Although the records include pictures, the copy should not; write out exactly the lines from the first through the line with "[unpad.ac.id, 8/2/2018] Rektor".

── Data extracts ──

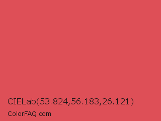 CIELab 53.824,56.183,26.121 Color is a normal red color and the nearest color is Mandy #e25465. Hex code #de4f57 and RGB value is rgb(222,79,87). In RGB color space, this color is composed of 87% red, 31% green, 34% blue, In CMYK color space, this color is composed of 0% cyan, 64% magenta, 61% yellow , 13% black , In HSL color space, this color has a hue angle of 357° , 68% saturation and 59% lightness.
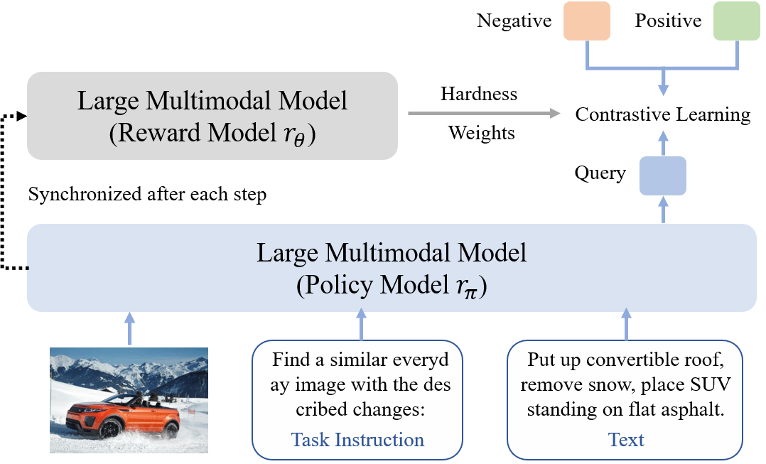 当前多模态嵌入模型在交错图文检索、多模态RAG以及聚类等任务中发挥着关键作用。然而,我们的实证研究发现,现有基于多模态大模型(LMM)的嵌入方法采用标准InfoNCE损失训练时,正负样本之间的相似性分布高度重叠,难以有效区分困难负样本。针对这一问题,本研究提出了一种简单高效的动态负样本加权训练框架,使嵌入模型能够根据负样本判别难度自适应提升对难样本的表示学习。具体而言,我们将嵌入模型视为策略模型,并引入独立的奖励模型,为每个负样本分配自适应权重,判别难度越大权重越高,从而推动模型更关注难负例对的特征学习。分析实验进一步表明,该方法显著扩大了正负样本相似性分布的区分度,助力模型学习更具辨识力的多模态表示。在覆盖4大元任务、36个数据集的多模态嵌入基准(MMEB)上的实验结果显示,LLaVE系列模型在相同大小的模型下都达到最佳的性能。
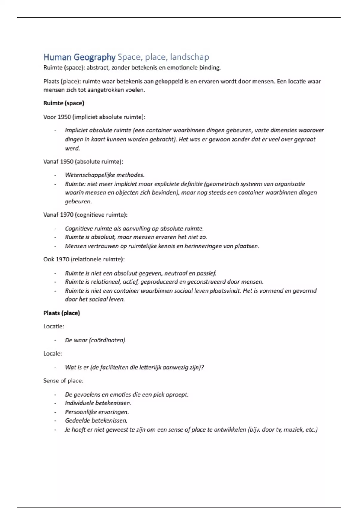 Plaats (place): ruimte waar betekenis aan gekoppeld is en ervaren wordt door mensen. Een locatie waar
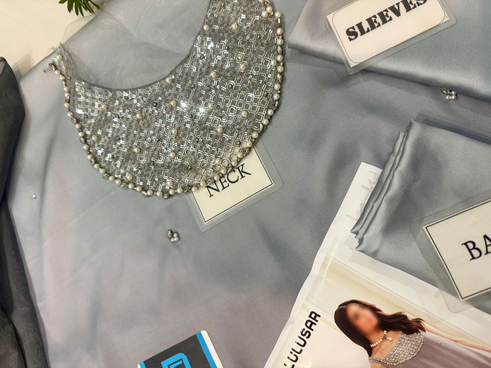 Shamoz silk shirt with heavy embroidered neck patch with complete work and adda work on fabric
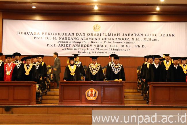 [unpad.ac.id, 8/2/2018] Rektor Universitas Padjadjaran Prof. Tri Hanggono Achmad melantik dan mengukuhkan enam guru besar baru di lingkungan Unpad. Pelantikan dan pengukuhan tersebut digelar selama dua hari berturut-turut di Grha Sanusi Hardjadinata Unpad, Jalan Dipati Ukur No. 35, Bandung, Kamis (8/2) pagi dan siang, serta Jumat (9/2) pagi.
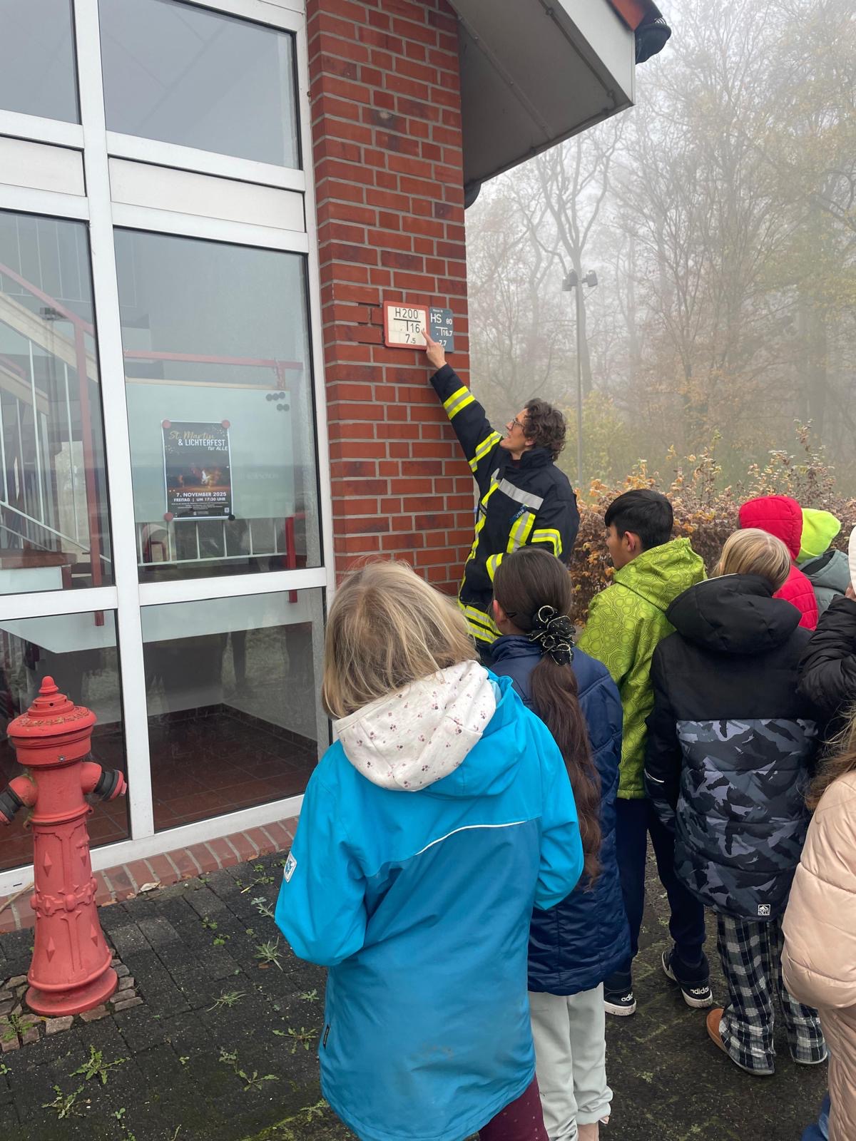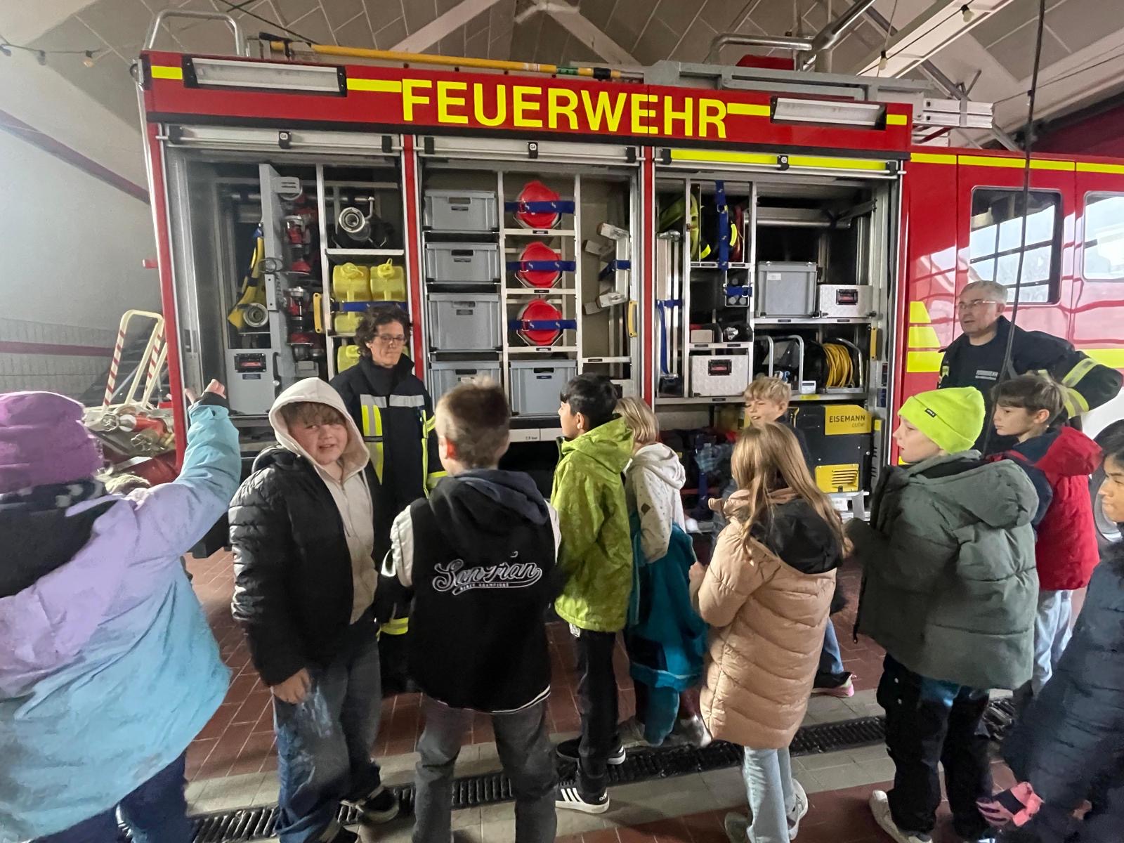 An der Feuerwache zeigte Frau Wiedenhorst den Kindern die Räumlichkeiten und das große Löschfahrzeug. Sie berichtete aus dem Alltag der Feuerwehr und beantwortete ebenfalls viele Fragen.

───

• [Exercise solution]
 CIELab 53.824,56.183,26.121 Color is a normal red color and the nearest color is Mandy #e25465. Hex code #de4f57 and RGB value is rgb(222,79,87). In RGB color space, this color is composed of 87% red, 31% green, 34% blue, In CMYK color space, this color is composed of 0% cyan, 64% magenta, 61% yellow , 13% black , In HSL color space, this color has a hue angle of 357° , 68% saturation and 59% lightness.
 当前多模态嵌入模型在交错图文检索、多模态RAG以及聚类等任务中发挥着关键作用。然而,我们的实证研究发现,现有基于多模态大模型(LMM)的嵌入方法采用标准InfoNCE损失训练时,正负样本之间的相似性分布高度重叠,难以有效区分困难负样本。针对这一问题,本研究提出了一种简单高效的动态负样本加权训练框架,使嵌入模型能够根据负样本判别难度自适应提升对难样本的表示学习。具体而言,我们将嵌入模型视为策略模型,并引入独立的奖励模型,为每个负样本分配自适应权重,判别难度越大权重越高,从而推动模型更关注难负例对的特征学习。分析实验进一步表明,该方法显著扩大了正负样本相似性分布的区分度,助力模型学习更具辨识力的多模态表示。在覆盖4大元任务、36个数据集的多模态嵌入基准(MMEB)上的实验结果显示,LLaVE系列模型在相同大小的模型下都达到最佳的性能。
 Plaats (place): ruimte waar betekenis aan gekoppeld is en ervaren wordt door mensen. Een locatie waar
 Shamoz silk shirt with heavy embroidered neck patch with complete work and adda work on fabric
 [unpad.ac.id, 8/2/2018] Rektor Universitas Padjadjaran Prof. Tri Hanggono Achmad melantik dan mengukuhkan enam guru besar baru di lingkungan Unpad. Pelantikan dan pengukuhan tersebut digelar selama dua hari berturut-turut di Grha Sanusi Hardjadinata Unpad, Jalan Dipati Ukur No. 35, Bandung, Kamis (8/2) pagi dan siang, serta Jumat (9/2) pagi.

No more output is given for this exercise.